Water rate error nets Red Hook seniors a fee cut

A water rate error at Red Hook Commons, the village’s 96-unit senior housing complex, has led to a rate cut for all village seniors.

At its Aug. 21 workshop, the village board discussed how to create a more equitable water rate for the senior housing complex on South Broadway, which was hit with an extreme rate increase when the village raised its water rates in May. As Mayor Ed Blundell explained, the situation there is unique: there are only four meters at the Commons, one to serve each of the four buildings, which each have 24 units.

Rates for all village residents were raised 15 percent, or about $9, in May. So, in the most recent billing quarter, the village took the new $59 senior citizen rate and multiplied it by the 96 units in Red Hook Commons to get a total of $5,664 for the complex, an increase of $1,956, or about $58 per unit.

That rate, it turns out, was not $9 higher than the Commons seniors’ previous rate, but was actually $20 higher than what the Commons seniors paid before the village rate hike.

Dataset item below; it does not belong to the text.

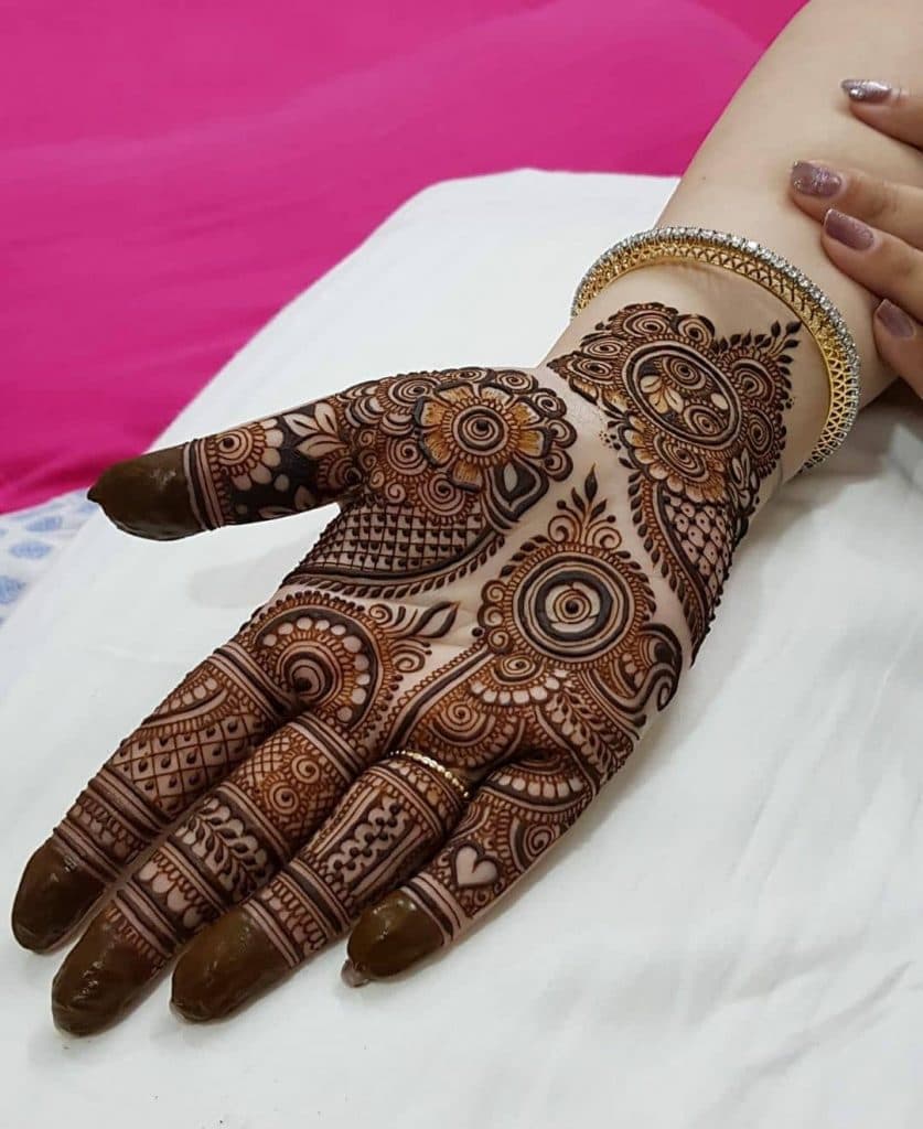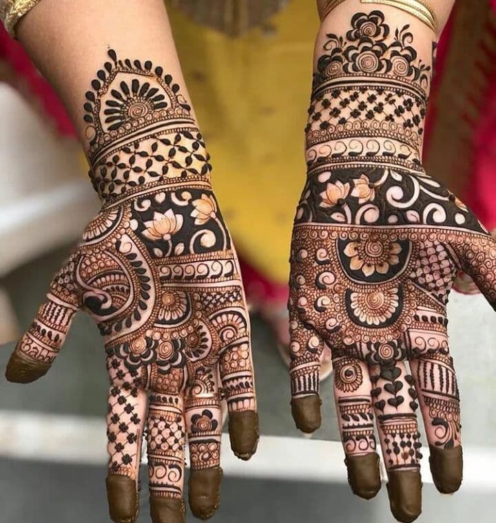 फूल डिजाइन वाली मेहंदी हमेशा से ट्रेंड में रहती है, ऐसा इसलिए भी है क्योंकि ये डिजाइन त्योहार का फील भी देती है. इसकी लोकप्रियता बहुत अधिक है और यह हर आउट्फिट के साथ बहुत सुंदर भी लगता है.

After researching the original 2007 water rate agreement at the Commons, the village board found that the original negotiated rate between Red Hook Commons and the village had been $45 per apartment unit. But sometime in 2008, the rate at the Commons dropped to the 2008 village senior rate which was $38. And that’s what the Commons residents were paying until the May rate hike and the recent quarter bill.

According to Blundell, no one knows how the change happened and no one could find any reason for it.

“We just found out about it four hours ago and I don’t know how, why or what justified it,” Blundell said at the workshop. “So they’ve been paying $912 a quarter plus the $15 surcharge for [each of the] four meters.”

Blundell felt that since the original agreement was for $45, he would rather keep that as the original rate and add the new 15 percent increase to that, which would come to $52.50, even though the new senior rate is $59.

After doing the math, Blundell said the village could afford $53 per unit, across the board, for all seniors in the village, whether in Red Hook Commons or elsewhere.

The board agreed to keep the senior rate at $53 until phase 2 of the water project is finished, sometime in 2016.